Another major saving is the lack of drayage in the U.K. The majority of U.K. and European exhibit houses have their own transport and will self load trucks from their own facility and deliver direct to the booth space prior to install.

A U.K. exhibit house will also offer a firm and fixed quote that includes build, I&D, graphics, electrical, etc., that are known prior to each project. This is often unlike a U.S. install where there are a multitude of cost variations until after the tradeshow is complete.

The style of booth construction in Europe is also totally different from the U.S. An American booth design tends to be a much more modular design with a more open feel to the overall booth. Many U.S. booths are a series of units that are set into a booth space with a minimal amount of linking structure. A feature banner above the booth with strong branding is also quite normal within U.S. tradeshows.

The booth is generally pre-built within a facility, and the weight factor of the booth is a major consideration relative to drayage charges at the final venue.

The overall concept is that the booth is a background for the exhibition staff and the selling aspect is more vigorous.
U.K. and European booths tend to be more structure led, especially since the weight of materials used have no direct effect on the final cost of the booth.

Although the booth is generally pre-fabricated within a facility, there is much more on-site build, enabling elaborate structures to be installed on a more regular basis.

In fact, in some European venues, booths are actually built from scratch directly adjacent to the booth space.

Finishes can also very different.
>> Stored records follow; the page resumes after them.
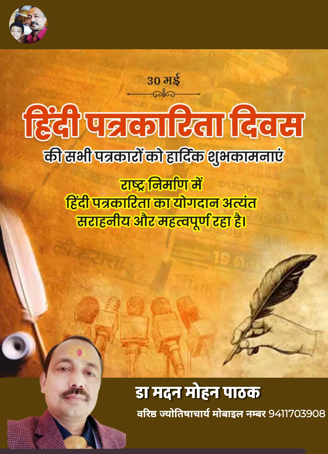 मित्रो “पत्रकारिता लोकतंत्र का चौथा स्तंभ है” — यह उक्ति केवल एक वाक्य नहीं, बल्कि उस सशक्त माध्यम का प्रतीक है जो समाज को जागरूक, सचेत और सजग बनाता है। 30 मई का दिन इस स्तंभ की नींव रखने वाली भाषा हिंदी और उसके पहले समाचार पत्र ‘उदन्त मार्तण्ड’ की स्मृति में मनाया जाता है। इस दिन हम न केवल हिंदी पत्रकारिता के उद्भव को स्मरण करते हैं, बल्कि इसके समाजिक, राजनीतिक और सांस्कृतिक योगदान का सम्मान भी करते हैं।
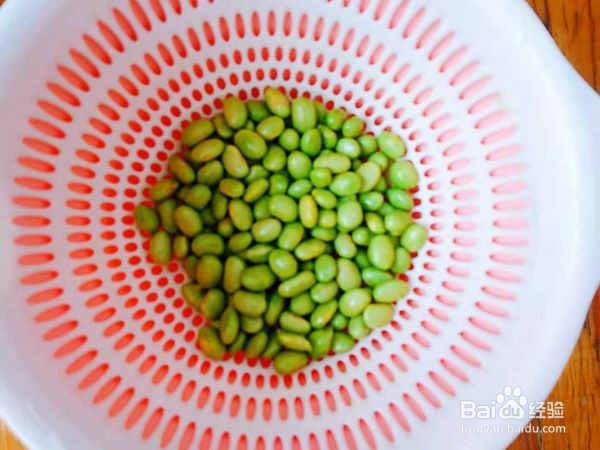 2、将毛豆洗净沥干。(毛豆剥好以后,要把表面的那层白膜捻掉)
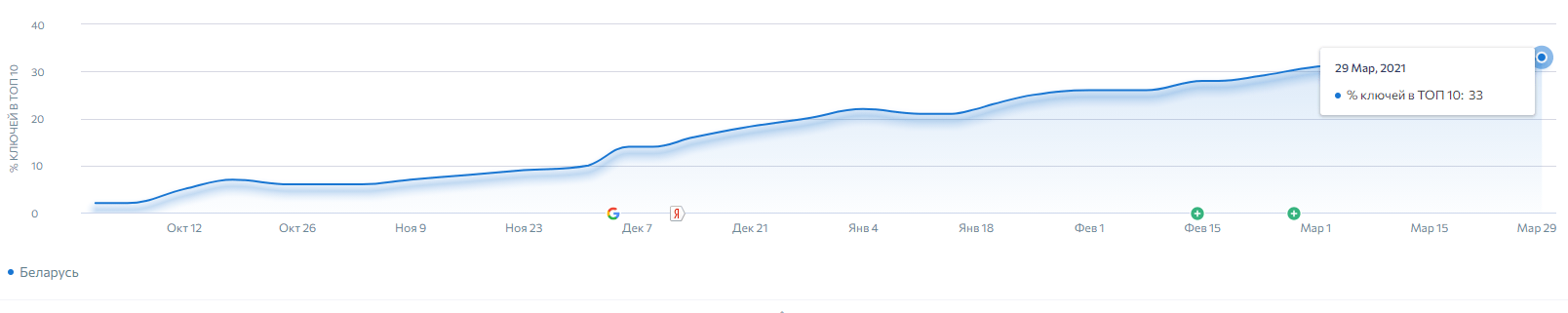 Процент ключей в ТОП 10 увеличился почти в 16,5 раза
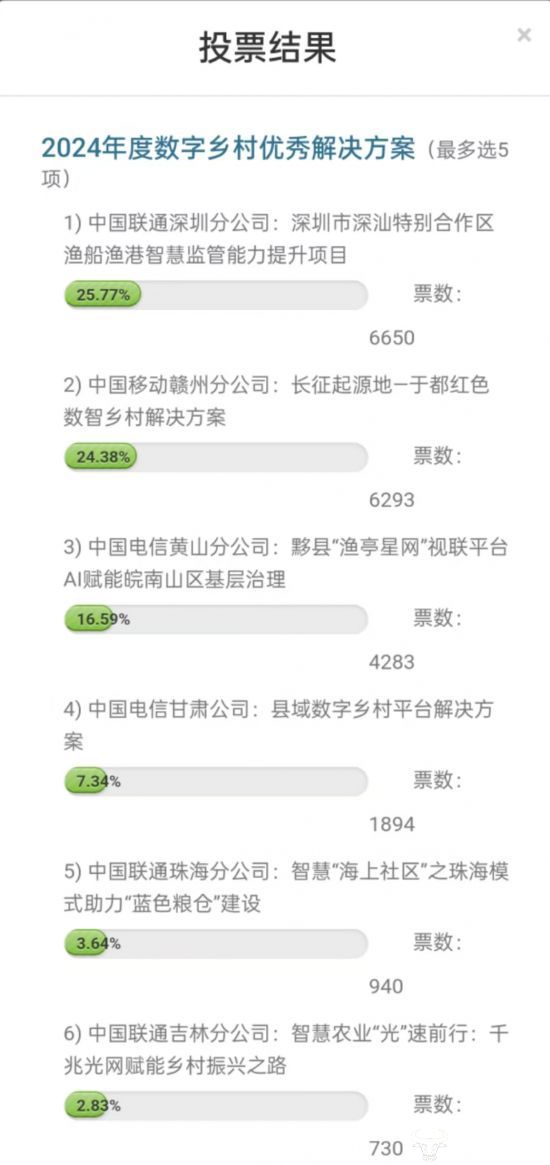 此外,黄山电信的“黟县‘渔亭星网’视联平台AI赋能皖南山区基层治理”方案位列第三。甘肃电信“县域数字乡村平台解决方案”、珠海联通“智慧‘海上社区’之珠海模式助力‘蓝色粮仓’建设”分别位列第四、第五。虽然票数之间有一定的差距,但距评选截止还有一段时间,仍有反超机会。

A paint finish applied on-site is a much more common practice than within the U.S., where everything tends to be finished prior to assembly.
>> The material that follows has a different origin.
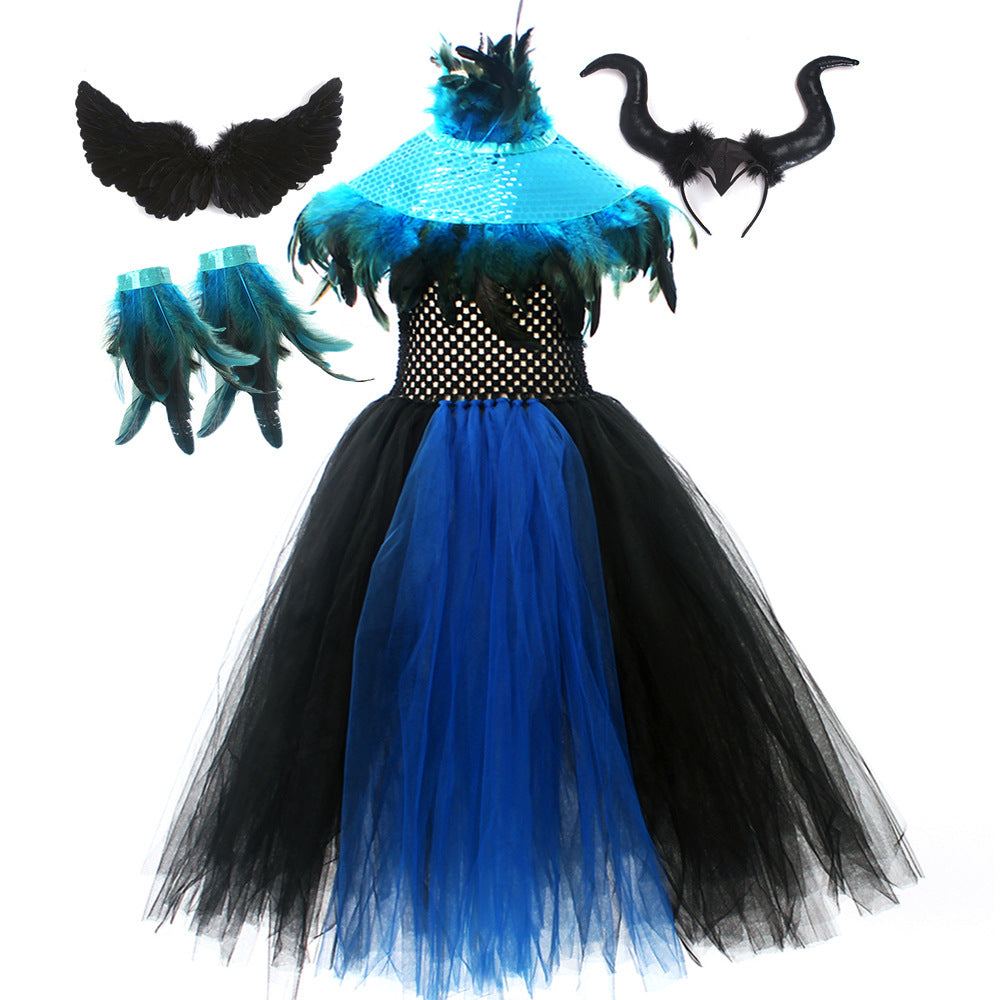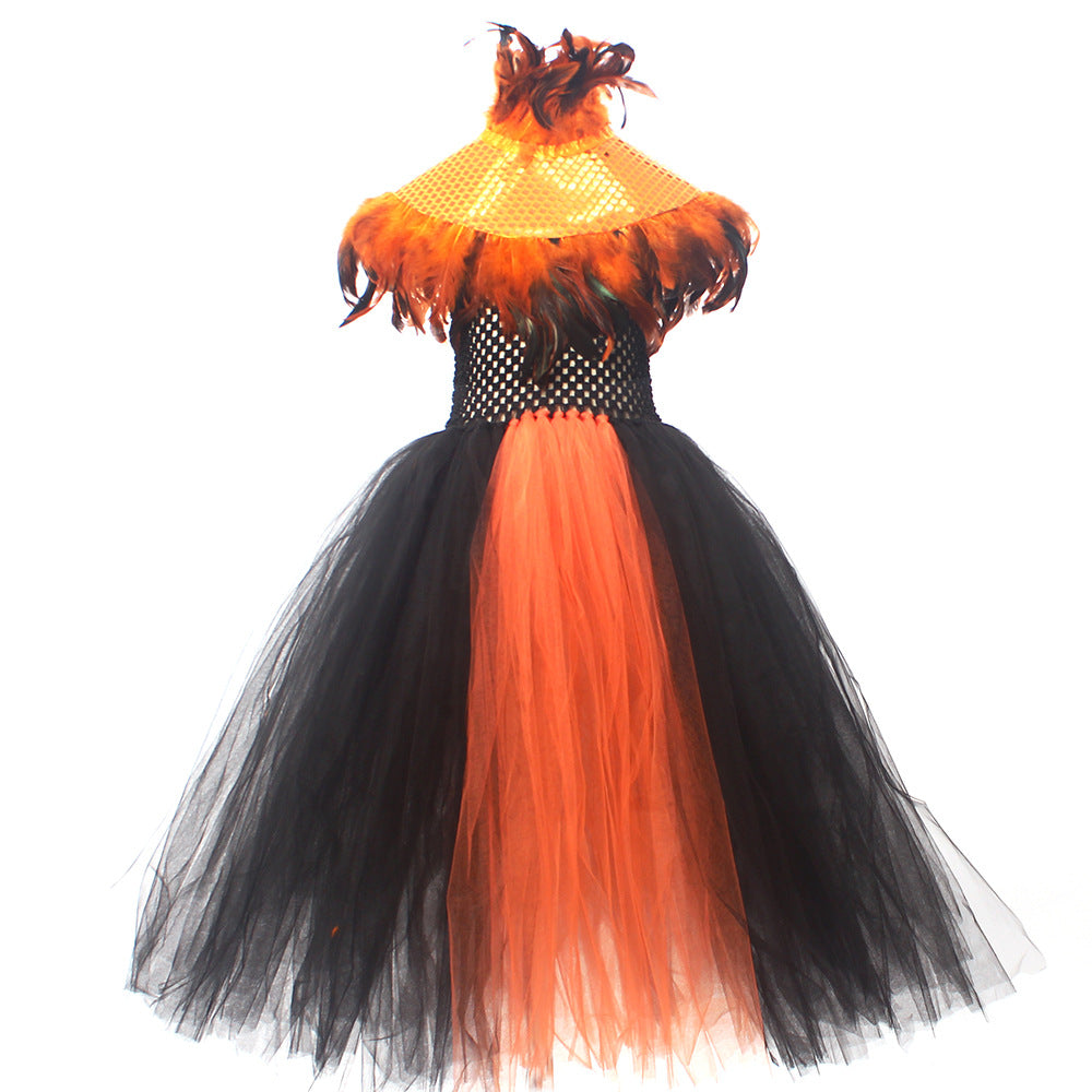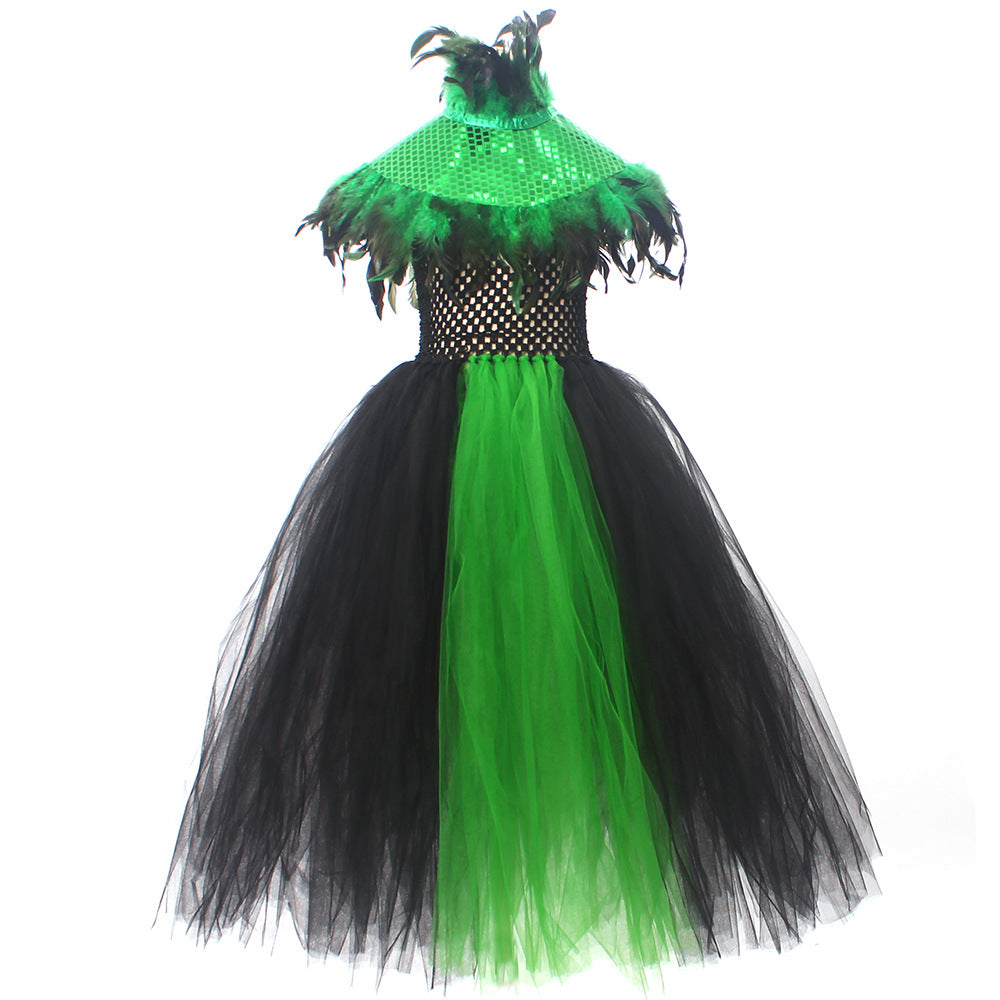 Halloween Glitter Feather Collar Witch Long Dress

A European booth is also more visually prominent because the sales approach is much less aggressive for European exhibitors. This allows the booth to draw potential customers in, with the sales staff being in a more complimentary role.

In most European venues, bars and alcohol on the booth are the norm and an acceptable practice when talking with potential customers.

Two story booths are also very common in U.K. exhibits, which allow additional space within a booth for entertaining and meeting areas.

However, U.S. exhibitors should be aware that many tradeshow organizers in the U.K. will charge a percentage-based fee determined by the overall measurements for a two story structure. Also, in some venues, especially throughout Germany, there is a requirement to provide a water sprinkler system for any two story structure.

After a tradeshow, be it in the U.K. or mainland Europe, the booth is generally returned to the booth builders’ facility for storage for the next show and storage charges will apply.

When choosing a partner within the U.K. and Europe to handle a particular project, it is important to look into the actual experience and size of the exhibit house, as many exhibit houses sell themselves as international companies, but they are just two or three people operating from a very small facility.

It is also worthwhile to check and see what partnerships they have with like-minded exhibit houses, or if they are part of any alliances, such as The Global Exhibit Alliance.

Last, but not least, try to choose an exhibit house that has worked throughout the U.S. This will enable the chosen exhibit house to understand the American approach to exhibiting, and then offer a solution that links both the U.S. and the European approach.

Chris Murphy is the CEO and principal at The Iguana Group, a United Kingdom-based exhibit company.